10 minutes later I was sitting in my aunts car after a cold good-bye with my mom. I took another deep breath, exhausting the thoughts about how I was actually gonna do this, if I was still was going to do this at all...


	2. Relieved?

Naked

**Chapter 2: Relieved?**

**Authors Note:** Hey people thanks for the reviews, its good to know that someone else knows how it is to be in this situation. Oh the thing that happened to Spencer's "brother" was actually what happened to her cousin, it just flowed better with the story. Well everything is true, enjoy.

* * *

**Ashley's POV:**

_July 14__th__ 2007_

As I sat at my computer, as always, contemplating how I would be able to go down to orange county with out my car. I need to tell Spencer, no matter what I was feeling, it needed to be done. I thought as I heard my phone ring. It was Spencer. "SHIT SHIT SHIT!" I said as I nervously chewed on my fingernails. "Should I answer?" I asked my self. I fliped my phone open.

"Hello?" I asked with a nervous tone.

"Hey what are you doing?" She asked with a sigh, she sounded kind of sad.

"Um nothing like always... what's up?" I asked.

"Well guess what happened?" She said.

" What?" I asked thinking it probably had something to do with Louie.

"Glen's in the hospital" She said.

"What?! Why what happened?" I asked shocked, defiantly not what I was expecting to hear.

" Well he overdosed on some pills, my mom found him on the floor seizureing when she got home from work" She said with a shaky voice.

"Oh my God... well is he okay? What happened?" I asked really worried for her.

"Um well I went to the hospital with my dad and he had tubes in his nose and an IV, it was scary..." She trailed off.

" Wow Spencer im so sorry." I said not really sure of what else to say.

"No its okay, he should be out of the hospital in a couple days." She said with a sigh.

"But yea, what did you want to tell me?" She asked. No way was I going to tell her now that her brother is in the hospital, its too much to handle right now, I thought to myself.

"Ill tell you later, once everything has calmed down" I said knowing she wouldnt take that as an excuse.

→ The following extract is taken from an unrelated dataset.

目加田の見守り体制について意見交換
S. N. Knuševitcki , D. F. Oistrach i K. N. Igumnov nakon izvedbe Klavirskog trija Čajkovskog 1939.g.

"No im fine just tell me." She said impaitently.

"I will tell you, just not right now you have too much on your plate" I said justifying my decision.

"Ugh no really im fine, just tell me." She said fustrated.

"No im not going to right now, tust me I will tell you soon, just not untill things calm down." I said.

"Ugh ok then..." She said.

I wish I was there with her right now, to help her out. I really hated being so far way.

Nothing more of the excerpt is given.